The guide 104 can include a base portion 120 spaced apart from the exit port 110 of the fan assembly 102. In an embodiment, the guide 104 can be spaced apart from the fan assembly 102 by one or more stanchions 142 extending between the guide 104 and the fan assembly 102. Referring to FIG. 6 , the guide 104 may be selectable between a plurality of interchangeable guides, e.g., guides 104A, 104B, and 104C. In this regard, an operator can select an appropriate guide 104 based on their specific intended use. For instance, the guide 104A may be particularly suitable for steep pitched roofs whereas guide 104B may be more suitable for minimally pitched roofs with wide gutters. Guide 104C may be more user friendly for beginners as it includes a lip 118 around the entire perimeter of the guide 104C. The operator can quickly detach a previous guide 104 and attach a new guide 104 to suite their needs. For example, in one or more embodiments, the guide 104 can be attached to the fan assembly 102, one or more stanchions 142, or other similar features of the gutter cleaner 100 through a quick connect interface.

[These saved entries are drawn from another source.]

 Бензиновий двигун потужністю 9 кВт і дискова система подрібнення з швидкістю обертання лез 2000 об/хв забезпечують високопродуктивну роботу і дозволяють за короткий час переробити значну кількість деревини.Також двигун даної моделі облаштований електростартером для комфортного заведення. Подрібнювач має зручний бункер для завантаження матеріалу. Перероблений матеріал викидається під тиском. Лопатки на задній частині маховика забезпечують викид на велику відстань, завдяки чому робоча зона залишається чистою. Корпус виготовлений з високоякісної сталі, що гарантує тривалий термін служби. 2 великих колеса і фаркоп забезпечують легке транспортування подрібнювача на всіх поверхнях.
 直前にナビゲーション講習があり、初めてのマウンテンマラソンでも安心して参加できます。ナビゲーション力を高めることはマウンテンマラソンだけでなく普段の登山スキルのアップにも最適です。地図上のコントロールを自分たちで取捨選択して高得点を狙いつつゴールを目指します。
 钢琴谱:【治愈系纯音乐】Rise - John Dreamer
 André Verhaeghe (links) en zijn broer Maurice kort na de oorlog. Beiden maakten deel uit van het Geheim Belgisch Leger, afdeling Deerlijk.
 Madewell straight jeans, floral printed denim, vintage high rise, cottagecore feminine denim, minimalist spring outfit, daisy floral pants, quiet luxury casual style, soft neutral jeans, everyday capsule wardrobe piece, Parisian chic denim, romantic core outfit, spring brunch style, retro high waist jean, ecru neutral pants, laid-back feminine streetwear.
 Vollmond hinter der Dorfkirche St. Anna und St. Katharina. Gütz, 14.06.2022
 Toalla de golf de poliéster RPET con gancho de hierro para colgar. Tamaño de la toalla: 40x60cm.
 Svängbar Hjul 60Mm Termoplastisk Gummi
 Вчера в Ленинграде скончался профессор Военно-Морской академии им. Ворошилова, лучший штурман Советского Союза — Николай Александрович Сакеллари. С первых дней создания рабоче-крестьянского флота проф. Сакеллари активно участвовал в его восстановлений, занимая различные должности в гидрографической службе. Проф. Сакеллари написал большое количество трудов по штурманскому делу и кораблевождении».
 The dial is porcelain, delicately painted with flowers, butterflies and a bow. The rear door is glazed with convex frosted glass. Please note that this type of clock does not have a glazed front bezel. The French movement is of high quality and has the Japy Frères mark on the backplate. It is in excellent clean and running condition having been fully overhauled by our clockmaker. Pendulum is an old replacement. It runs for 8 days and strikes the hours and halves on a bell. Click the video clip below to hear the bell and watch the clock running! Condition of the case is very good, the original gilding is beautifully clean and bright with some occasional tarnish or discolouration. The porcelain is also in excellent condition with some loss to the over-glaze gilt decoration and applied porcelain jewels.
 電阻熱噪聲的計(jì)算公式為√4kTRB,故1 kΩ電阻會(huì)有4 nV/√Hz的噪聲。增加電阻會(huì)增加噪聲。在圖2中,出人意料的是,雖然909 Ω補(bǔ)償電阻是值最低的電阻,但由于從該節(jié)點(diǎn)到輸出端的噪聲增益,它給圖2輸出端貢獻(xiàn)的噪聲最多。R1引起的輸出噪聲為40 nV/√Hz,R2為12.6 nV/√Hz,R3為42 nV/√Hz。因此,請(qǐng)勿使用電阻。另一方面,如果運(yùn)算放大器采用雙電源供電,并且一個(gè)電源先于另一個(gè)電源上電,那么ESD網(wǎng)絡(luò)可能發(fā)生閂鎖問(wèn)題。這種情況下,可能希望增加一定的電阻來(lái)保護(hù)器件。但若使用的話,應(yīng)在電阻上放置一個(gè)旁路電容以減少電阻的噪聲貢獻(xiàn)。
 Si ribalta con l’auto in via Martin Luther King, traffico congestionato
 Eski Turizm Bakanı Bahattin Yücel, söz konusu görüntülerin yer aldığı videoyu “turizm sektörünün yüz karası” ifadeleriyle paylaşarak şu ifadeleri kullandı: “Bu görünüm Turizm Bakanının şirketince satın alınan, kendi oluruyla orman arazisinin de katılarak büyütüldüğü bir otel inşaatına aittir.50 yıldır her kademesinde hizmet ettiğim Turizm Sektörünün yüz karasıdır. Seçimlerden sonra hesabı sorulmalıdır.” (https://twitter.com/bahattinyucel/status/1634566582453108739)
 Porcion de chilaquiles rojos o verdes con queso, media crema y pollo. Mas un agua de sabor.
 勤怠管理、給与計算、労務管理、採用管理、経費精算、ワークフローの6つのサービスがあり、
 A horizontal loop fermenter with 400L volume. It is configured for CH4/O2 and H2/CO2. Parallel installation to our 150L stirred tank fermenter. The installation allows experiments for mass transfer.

Referring again to FIG. 1 , the guide 104 can define a primary opening 114 through which airflow can be primarily biased by the fan assembly 102. The primary opening 114 of the guide 104 can be spaced apart from the exit port 110 of the fan assembly 102 and coaxially aligned therewith. In an embodiment, the primary opening 114 can define a diameter approximately equal to or larger than a diameter of the exit port 110. In certain instances, the gutter cleaner 100 can pass over one or more downspouts of the gutter system. In an embodiment, the gutter cleaner 100 may include an attachment (not illustrated) for the primary opening 114 which guides airflow into the downspout.

The guide 104 can further define a plurality of auxiliary openings 116 radially spaced apart from the primary opening 114 through which airflow can pass through. Output airflow, A_OUT, generally dissipates longitudinally and radially outward upon exiting the exit port 110. The auxiliary openings 116 can transmit radially-outward dissipated airflow to the underlying gutter instead of blocking the dissipated airflow as might occur in guides 104 without auxiliary openings 116. In an embodiment, the auxiliary openings 116 can reduce the weight of the gutter cleaner 100 while permitting a sufficiently large guide 104 to rest on the gutter as described hereinafter.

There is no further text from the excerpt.